Miss Constitution, this is as clear as mud. What about your first two questions?
Miss Constitution will hurry, then. Thomas Jefferson and Benjamin Franklin, among many other Founders, felt that Virtue, or morality, could be obtained by other than Faith. They felt that virtue could be obtained by Aristotle’s Golden Mean – or habits of behavior between extremes. There are many Americans who feel that their “spiritual” inclinations can create the Virtue needed to sustain Liberty and the processes to establish Justice. That is why you hear so many Americans today say that they are “spiritual” not religious. What Miss Constitution would say is that she questions whether developing good “habits” is strong enough to counter the malicious and the destructive. She thinks the new language-mangling and other propaganda such as Critical Race Theory and the 1619 Project that are poisoning our children and adults are so powerful that only Faith (God) can take them on.
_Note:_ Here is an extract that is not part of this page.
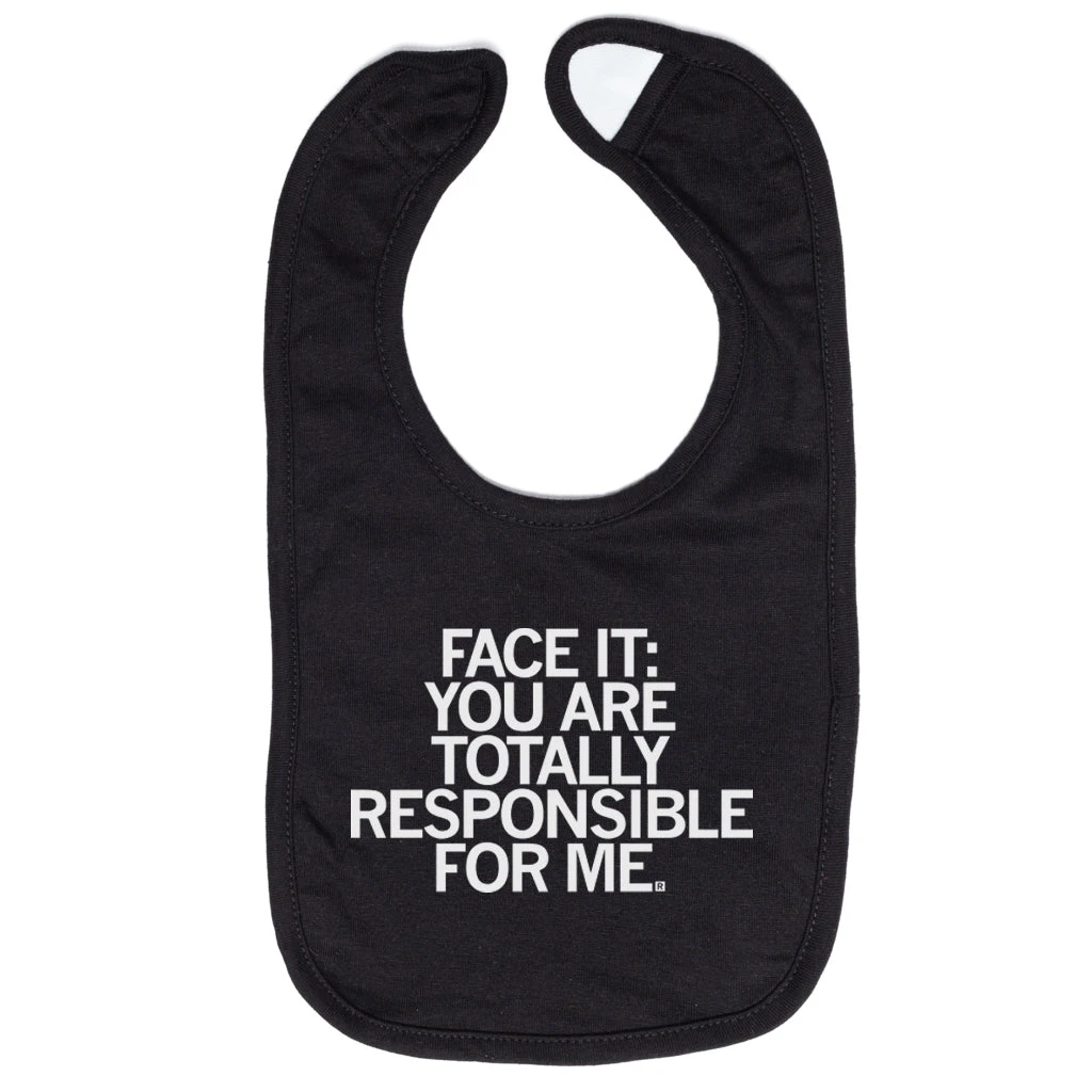 Face It: You’re totally responsible for me. A Portion of All RAYGUN Sales Raise Money For Organizations That We Support. White Screen Print on a Black Bib (100% Baby Rib Cotton). Cut and sewn sweatshop free. Designed and printed by Union Labor at RAYGUN.

She would say that Liberty Cannot Stand For Long Without Faith. She thinks the museum got its name right. Here is a quote from one dark corner of the museum that Miss Constitution thought factually accurate:
Once freedom was won, how would it be sustained? The American Founders agreed that public liberty depended on private virtue – and that virtue was sustained by religion. This understanding grew from their reading of history and of classical and contemporary philosophers, as well as from the Bible. Even free-thinking Founders like Benjamin Franklin and Thomas Jefferson held that vice bred tyranny and that virtue was essential for lasting liberty. Most Americans believed that the new republic depended on people who were morally and ethically informed by the Bible. Virtue, faith, and liberty were seen as inseparable to sustain the new government. These sentiments were encouraged by public actions like declarations of national days of fasting and prayer and national days of Thanksgiving, and by appointing chaplains for legislatures and the military.
Who are the virtuous? The faithful who would take on those who would mangle our language, divide our people, and destroy our nation. The faithful who would give their very lives for Liberty, willingly.